- WHAT THIS TASK INVOLVES
Make an exact copy, from the records below, of the lines from the line containing "- 假设存在一个请求序列,每个数字代表磁道的位置" to the line containing "Эта футболка от", both lines included, excluding pictures.
** Opening INFORMATION SHOWN block **
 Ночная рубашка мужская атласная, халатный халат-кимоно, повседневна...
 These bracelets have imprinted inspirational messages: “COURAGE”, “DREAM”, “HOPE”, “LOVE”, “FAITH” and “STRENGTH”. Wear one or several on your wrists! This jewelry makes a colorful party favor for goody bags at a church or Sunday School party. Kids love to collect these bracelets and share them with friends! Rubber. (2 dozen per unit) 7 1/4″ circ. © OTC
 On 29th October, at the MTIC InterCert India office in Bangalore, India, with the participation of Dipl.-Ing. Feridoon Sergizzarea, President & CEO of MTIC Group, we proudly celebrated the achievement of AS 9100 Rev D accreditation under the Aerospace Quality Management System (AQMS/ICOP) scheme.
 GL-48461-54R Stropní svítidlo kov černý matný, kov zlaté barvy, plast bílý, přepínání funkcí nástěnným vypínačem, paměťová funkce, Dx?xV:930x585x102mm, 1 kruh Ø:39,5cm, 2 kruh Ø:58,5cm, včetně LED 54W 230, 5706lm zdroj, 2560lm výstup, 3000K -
** Closing INFORMATION SHOWN block **
** Opening INFORMATION SHOWN block **
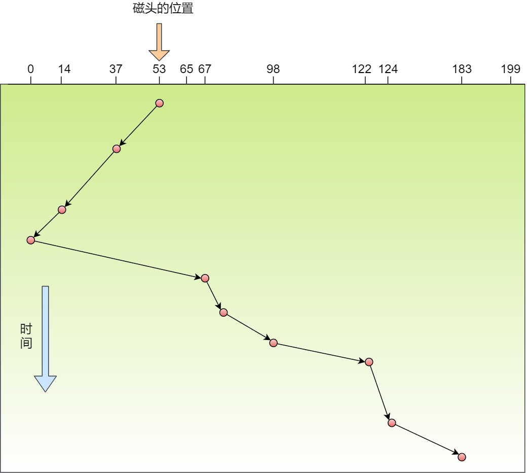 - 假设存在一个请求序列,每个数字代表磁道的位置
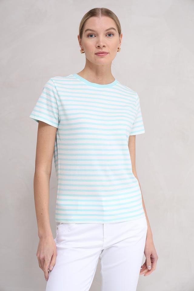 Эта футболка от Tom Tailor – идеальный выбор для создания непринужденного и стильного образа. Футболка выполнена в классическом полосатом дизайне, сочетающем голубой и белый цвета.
** Closing INFORMATION SHOWN block **
- ANSWER TO THIS EXERCISE
 - 假设存在一个请求序列,每个数字代表磁道的位置
 Эта футболка от Tom Tailor – идеальный выбор для создания непринужденного и стильного образа. Футболка выполнена в классическом полосатом дизайне, сочетающем голубой и белый цвета.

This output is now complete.